Why Did The Ancient Romans Write

Used as a Form of Documentation

Romans used writing as a form of documentation mainly for establishing legal claims over land, ownership of property, taxation, and law. They wrote down laws, deeds, and contracts. Official records, such as birth and death certificates, or witnesses to events, were also written down for official purposes. Regardless of the purpose, writing served an essential role in the ancient Roman world and, without it, things may have been somewhat chaotic.

Used in Education

Roman education put a lot of emphasis on the ability to write. Since Latin was the official language of Rome at the time, it was deemed essential for Roman students to have the ability to write Latin. In addition, the legal system was grounded in written records and having a good education meant that you had a better chance of understanding this written law. Writing also had an important role in Roman religious life and culture. Poetry, manuscripts and plays were all written as entertainment and formed a large part of the Greco-Roman culture.

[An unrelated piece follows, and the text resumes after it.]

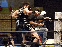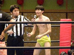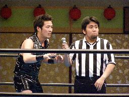 亜門「いいじゃん!やろうよ!お前ら勝てるよ。ルールは5対5のシングルで、先に3勝した方の勝ちとしましょう。早速控室の方で着替えてもらっていいですかね?」大日本勢退場。

Used in Art and Architecture

Ancient Roman art used writing to an impressive degree. Famous monuments, such as the Colosseum and Pantheon, were adorned with inscriptions and texts. Many of these inscriptions told the history of the building or the people who built it. Writing was also used in mosaics, which were designs created from small coloured tiles. These contained messages and images which tell us much about the culture of the time.

Used in Everyday Life

Roman writing was not just limited to official or artistic contexts. Ancient Romans also wrote for everyday life. Accounts of news and events, letters to friends and family, and records of purchases, were all jotted down. Writing was also used to record recipes, diaries and logs. All of these mundane writings contribute to our understanding of the daily lives of the ancient Romans.

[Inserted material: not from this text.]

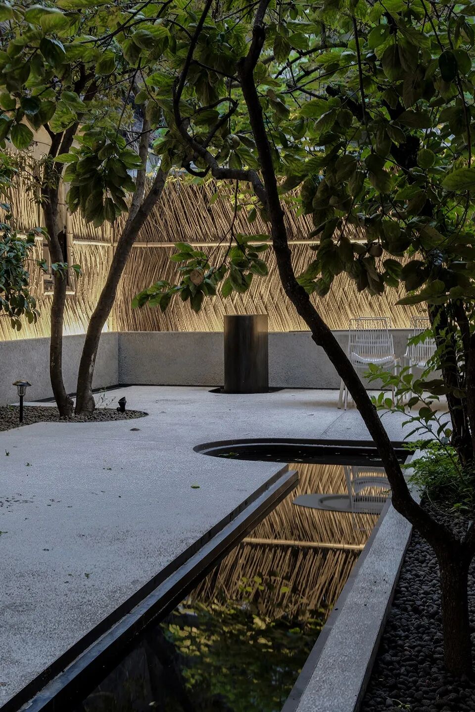 以现代的空间力量及仪式感形成空间结构的特色,玻璃与砖墙,现代与传统,叠造共生,融入环境。前广场设立矮的石挡墙界定前场空间,设立水庭柔化了建筑与环境的关系,为建筑增加了光影和神秘感。

Inscription was an important form of communication in the Roman world and was used to convey a variety of important messages. Inscriptions on official buildings, monuments, coins and medals were used to express the official opinions of the ruling authorities. They could also be used in a more personal context and could be inscribed on rings, bracelets and other jewellery with messages expressing love, religious beliefs or even declarations of loyalty. Inscriptions were also used to mark boundaries, such as country borders or military encampments.

Etiquette and Courtesy

Writing was essential for the transmission of etiquette, courtesy and politeness. The Romans were highly skilled in the art of rhetoric, which they used to praiseand promote their own class. They used writing to make requests, offer apologies, and congratulate. This was a way of expressing social graces in a polite and courteous manner.

Part of the Culture

In general, writing was an important part of Roman culture. It was necessary for communication between different classes, religions, and geographic areas. Even more so, writing was necessary for literature and art. Without writing, the works of Virgil, Horace, Ovid, Lucretius, and Tacitus, just to name a few, would not exist. In fact, it can be said that the Roman Empire was only possible because of writing, as it was a way of bridging the gaps between individuals, groups and regions.

The Impact of Writing

The Roman system of writing spread all over Europe, leading to an increase in literacy and a better understanding of the written language. It is also credited with influencing the development of Latin, which is related to all modern Romance languages, including Spanish, French, Italian and Portuguese. Furthermore, the Roman system of writing was based around the use of lower case letters, which is still used today.


In conclusion, writing was an essential part of Roman life, impacting their laws, education, culture, art, and architecture. Writing allowed the Romans to record their achievements, laws and culture, and enabled them to transmit their knowledge to future generations. It can be said that without writing, the Roman Empire would not have been possible, and the impact of the Romans on literature and culture, both in Europe and all over the world, would never have been achieved.

Moshe Rideout is a professional writer and historian whose work focuses on the history of Ancient Rome. Moshe is passionate about understanding the complexity of the Roman Empire, from its architecture to its literature, political systems to social structures. He has a Bachelor's degree in classic studies from Rutgers University and is currently pursuing a PhD in classical archaeology at UMass Amherst. When he isn't researching or writing, he enjoys exploring ruins around Europe, drawing inspiration from his travels.